The syrinx was extracted and placed in oxygenated Ringer's solution (recipe as in Elemans et al., 2004) in a Sylgard-covered Petri dish on ice. The syrinx was cleaned of blood and excess adipose tissue and mounted in the experimental chamber (see below), ventral side up. The bronchi were tied airtight onto silastic tubing using 5.0 monofilament sutures (Argos Surgical Instruments, Newport Beach, CA, USA). The trachea was fastened airtight onto a custom-made plastic connector using 4.0 sutures (Argos Surgical Instruments). Two EGG electrodes were fixed with 10.0 monofilament sutures (Argos Surgical Instruments) bilaterally onto tracheal ring T1.
Experimental chamber design and hardware
We used an in vitro paradigm to study sound production as described in detail in Elemans et al. (2015). In brief, the excised syrinx was placed in an airtight chamber that allowed for precise control of air pressure, flow, humidity and temperature. The air pressures in the chamber and bronchi were controlled by two dual-valve differential controllers (model PCD, Alicat Scientific, Tucson, AZ, USA) with a 0–10 kPa gauge pressure range. The flow through the bronchi was measured using a flow transducer (model PMFc3000 Posifa Microsystems, San Jose, CA, USA; 3 standard litres per minute full scale, response time 1 ms). Care was taken to mount the syrinx in its natural position. Because in pigeons the LVMs are attached to and encased by the rigid ossified skeleton of the syrinx, LVM adduction and tension are not affected as a result of incorrect mounting. Instead, LVM tension is affected by the differential pressure between airsac and bronchus (termed transmural pressure) (Elemans et al., 2008), and by the syringeal muscles (Elemans et al., 2004, 2006). The pressure difference is carefully controlled for in the experiments as described in detail below. This situation is in contrast with excised larynx experiments where mounting requires assumptions on vocal fold adduction, length, edge approach and position symmetry that critically affect the conditions for vibration.

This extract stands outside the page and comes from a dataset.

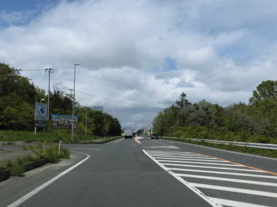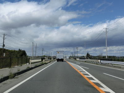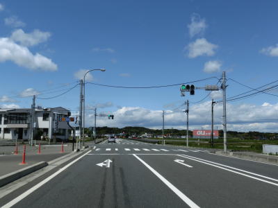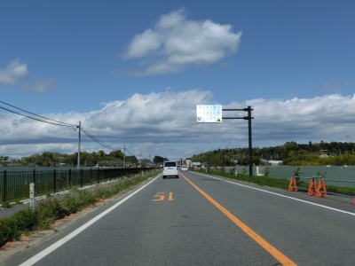 | 2車線快走路と淡々と走っていると津波浸水区間の終わりを知らせる標識を通過する。前述の通り、震災から5年経過しているため、浸水区域の内外で景色に特に変化はない。福島r262交差点と福島r261交差点を通過してからは緩やかな勾配を上る。 | ||
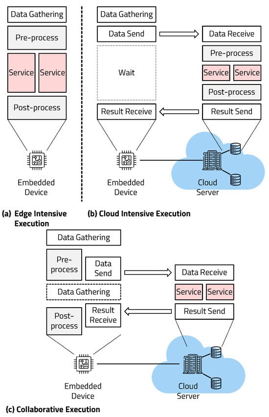 Cloud computing, as shown in Figure 1b, serves as a method to compensate for the low computational performance of embedded devices. In the cloud-intensive computing approach, all data gathered from the embedded device are transmitted to the cloud server for processing and then relayed back to the embedded device. As all computations are carried out in the cloud, computation times are quicker than edge-intensive execution. However, additional time is required for data transmission. Furthermore, when an embedded device requests the server to execute an operation, the processor remains idle until the result is returned, leading to decreased resource utilization. Due to communication overhead, cloud-intensive execution exhibits faster speeds than edge-intensive execution when executing applications that necessitate more computation relative to data transfer.

The experimental chamber had a glass lid allowing imaging of the syrinx in the coronal plane with a high-speed CMOS camera (model HS4, IDT, Pasadena, CA, USA) through a stereomicroscope (Leica, M165 FC, Leica Microsystems, Wetzlar, Germany). This camera could capture up to 5000 frames s−1 at full frame image size of 1024×1024 pixels. Below the syrinx, the experimental chamber had a glass window to allow transillumination of the syrinx by a 1700 lm white LED powered by a stable power source (PS23023, HQ Power, Gavere, Belgium). To image the syrinx from a tracheal perspective (the horizontal plane), we used either the HS4 camera or a videokymographic (VKG) camera (model 2156, Cymo B.V., Groningen, The Netherlands) (Qiu and Schutte, 2006) through a 1.2 mm diameter flexible endoscope (Schölly, Denzlingen, Germany). The VKG system combined a CMOS chip capturing the full frame in colour at 25 Hz and a monochrome line-scan camera capturing a centred horizontal line at 7.2 kHz.

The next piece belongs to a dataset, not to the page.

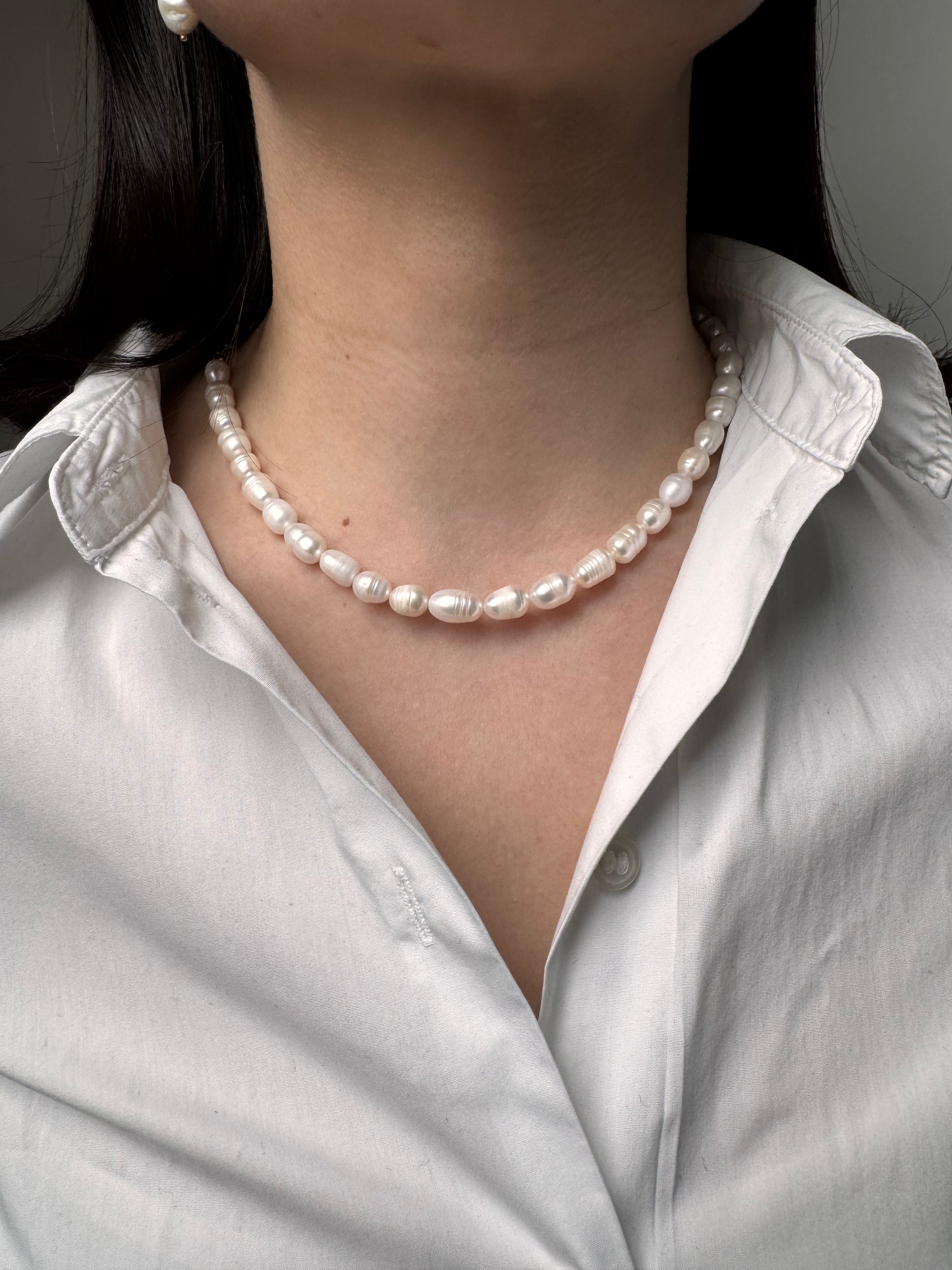 Diese elegante Perlenkette ist ein zeitloses Must-have für deinen Schmuckkasten. Die zarten, ovalen Süßwasserperlen verleihen jedem Look einen Hauch von Raffinesse – ob im Alltag oder zu besonderen Anlässen. Der hochwertige Knebelverschluss in 18k vergoldeter Optik rundet das klassische Design stilvoll ab und sorgt gleichzeitig für ein einfaches An- und Ablegen.

Sound pressure was measured in between 2 and 4 cm distance (accuracy ±1 mm) from the tracheal tube outlet with a 0.5 inch condenser microphone (model 40AF with preamplifier type 26AH, G.R.A.S. Sound & Vibration, Holte, Denmark). The microphone signal was amplified (model 12AQ, G.R.A.S.) and system sensitivity was calibrated prior to each experiment with a microphone calibrator (model 42AB, G.R.A.S.).
EGG signals were recorded using a modified two-channel EGG device (model EG2, Glottal Enterprises Inc., Syracuse, NY, USA) (Rothenberg, 1992). In contrast to the 3 cm diameter gold-plated disc electrodes placed on human skin (Rothenberg, 1992; Scherer et al., 1988), we used wire electrodes attached directly on the vibrating tissue as in Elemans et al. (2015). The electrodes consisted of 28 µm Formvar insulated nichrome wire (A-M Systems, Sequim, WA, USA) soldered to a four-pin connector connected to airtight electrical connectors inside the experimental chamber. Owing to the higher vibration frequencies expected in birds (fo is typically 500–5000 Hz) compared with humans, the frequency response of the EG2 device was extended upwards by the developers (M. Rothenberg and M. Lyaski). Additionally, because trial runs showed that the EGG signals on the syrinx with our electrode design exceeded 20 V peak-to-peak, the EGG device was modified, allowing reduced amplification settings. Two additional three-position switches allowed us to individually change the frequency ranges and amplification of each channel from the standard low-pass filter setting on the device up to 10, 12 or 13.5 kHz, with concurrent amplification settings of 1×, 1/2× and 1/3×, respectively.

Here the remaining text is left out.